I like lots of rock and so do some other Demasoni keepers like Joea. However, Cichlidaholic has kept them with success with limited rockwork. I don't think there is enough results that always go one way or another to tell you. Try it...you can always add or subtract.

Every time you change the rocks however, your tank will be in an uproar for several weeks. A change could make it better or worse...but it will definitely change, LOL.


----------



## Maddog (Nov 7, 2008)

i'm in the process of setting up a 40 gallon 14 demasoni tnak myself. 
i had planned ona couple large piles of rocks. I doubt i can make 14 caves with smaller rocks in the tank i'm using. 
oh well.

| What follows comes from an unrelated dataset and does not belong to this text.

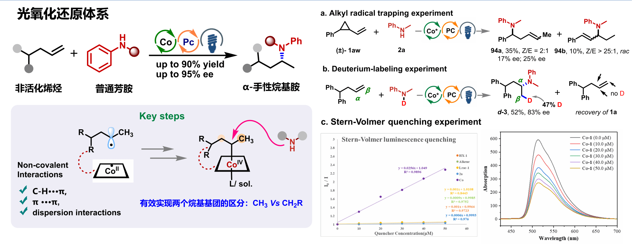 为了进一步实现极具挑战性的非活化烯烃的不对称自由基氢胺化反应,解决二烷基碳自由基立体化学控制的关键难题,研究团队创新性地融合了金属/光协同催化与自由基-极性交叉策略,提出光钴协同催化的“高价金属亲核取代”新机制。该过程利用手性催化剂与碳自由基之间的弱相互作用,精准识别并引导二烷基自由基形成C–M键,进而在温和的光氧化条件下生成关键的高价烷基钴中间体。光催化体系的引入,不仅避免了传统方法中化学计量氧化剂的使用,还通过还原生成的Co(I)析氢原位生成关键的Co(III)–H物种,从而无需外加计量氢源,显著提升了反应的原子经济性与可持续性。整个转化过程通过一个精巧的四步催化循环实现,完成了从原料到产物的高效、高立体选择性传递。该工作不仅成功拓展了不对称自由基反应的应用边界,使非稳定化烷基自由基的对映选择性控制成为可能,同时也为α-手性叔胺的合成建立了新平台,为探索开发其他亲核试剂在不对称自由基官能化中的应用提供了新设计思路与理论支撑。相关成果以“A Photo- and Cobalt-Catalyzed Enantioselective Hydroamination of Unactivated Alkenes with Amines” 为题,发表于国际权威期刊Angew. Chem. Int. Ed.(Hot Paper)。我校yl88858永利集团博士研究生苗焕然、张东亮以及青年教师祝丽涵(理论计算)为共同第一作者,张鸽副教授和张前教授为共同通讯作者。

I'll just have to see what happens


----------



## cichlidaholic (Dec 7, 2005)

I initially had a ton of rocks in my demasoni tank. They were young, and it seemed I never saw them...They were always hiding in the rocks.

I removed the rocks to force them out in the open more, not to decrease aggression. I never really had any aggression problems with mine, but I was extremely fortunate and wound up with 5 males and 15 females.


----------



## Pilgrim (Mar 28, 2005)

Maddog said:


> i'm in the process of setting up a 40 gallon 14 demasoni tnak myself.
> i had planned ona couple large piles of rocks. I doubt i can make 14 caves with smaller rocks in the tank i'm using.
> oh well. I'll just have to see what happens


Even though you make a cave for each one don't mean they are going to like it. 10 of them will want the same cave and they will fuss over it. Your cave is better than my cave kinda thing.


----------



## Maddog (Nov 7, 2008)

ah true... 
so what do you think is my best bet. 
single species 40 inch long, getting 14 of them.

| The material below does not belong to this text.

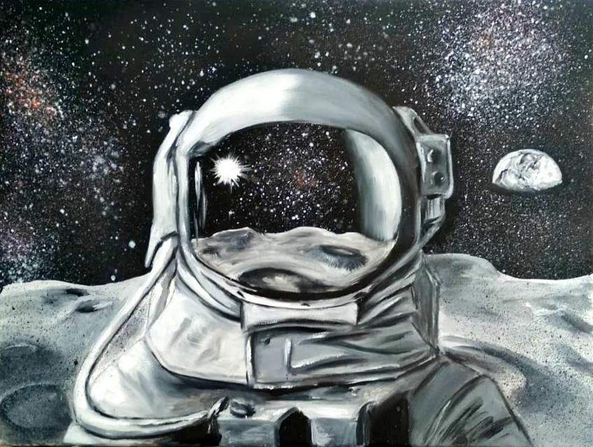 Жена сделала подарок любителям заваривать гидразин по утрам и написала картину маслом под девиз канала: One small step for man, one giant leap for mankind. Конечно, звёзд на селфи Армстронга многовато, но тут работает сноска “в представлении художника” 🙂

right now i have a smal pile of coral on on side. i was thinking of a larger rock pile on some side, leading slowly over to the coral...
so it would more be liek a pile of rocks as apposed to caves.. maybe no one iwll have a home, lol.

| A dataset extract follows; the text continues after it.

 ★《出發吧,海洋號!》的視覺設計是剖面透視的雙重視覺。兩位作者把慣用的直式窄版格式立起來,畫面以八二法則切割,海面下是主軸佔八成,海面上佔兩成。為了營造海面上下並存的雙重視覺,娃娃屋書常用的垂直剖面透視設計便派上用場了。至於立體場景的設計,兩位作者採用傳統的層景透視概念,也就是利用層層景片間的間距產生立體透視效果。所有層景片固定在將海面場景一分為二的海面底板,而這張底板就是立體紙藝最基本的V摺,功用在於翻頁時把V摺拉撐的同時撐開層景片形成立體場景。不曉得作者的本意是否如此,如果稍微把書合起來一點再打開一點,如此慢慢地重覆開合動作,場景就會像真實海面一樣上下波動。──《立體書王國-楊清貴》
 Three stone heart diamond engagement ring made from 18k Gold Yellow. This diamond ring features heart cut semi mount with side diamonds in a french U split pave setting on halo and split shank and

How did you actuly sex them. i heard it is incredibly hard. and because they are all the same, females can look like males to hide, etc. 
only way i'm goignt o be abel to tell females is if they are holding, lol.


----------



## khaki (Jan 12, 2008)

I have a 60gallon mbuna tank any my 18 demasoni LOVE rocks. I have lace rocks so it is easier for me to make caves and such. When my demasoni were young it didnt really matter to them if they had no rocks or rocks in the tank. But once they got order i notice they got a more aggressive because they want to breed. Females and Males look exactly a like. You can try venting them.


----------